> TASK TO CARRY OUT:
Among the entries below, which lines run from the line with "Valentine Cherry fruit" through the line with "two H/I Blocks with Fabric I centers"? Retype those, both ends included, exactly and without pictures.

> EXERCISE DATA:
━━━━━━━━━━

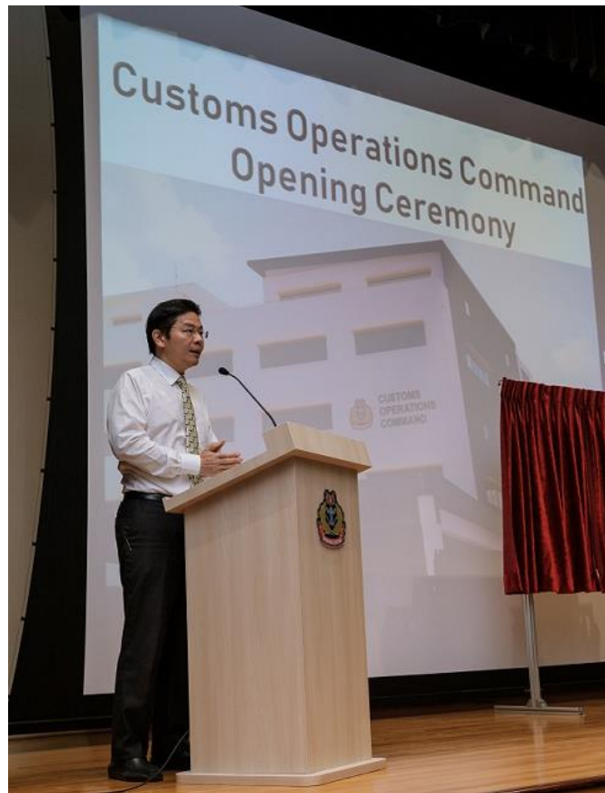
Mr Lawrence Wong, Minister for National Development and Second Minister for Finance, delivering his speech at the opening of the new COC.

━━━━━━━━━━

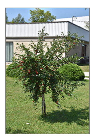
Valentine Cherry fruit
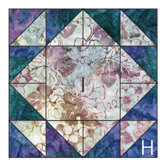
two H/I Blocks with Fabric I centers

━━━━━━━━━━

> SOLUTION TO THIS EXERCISE:
Valentine Cherry fruit
two H/I Blocks with Fabric I centers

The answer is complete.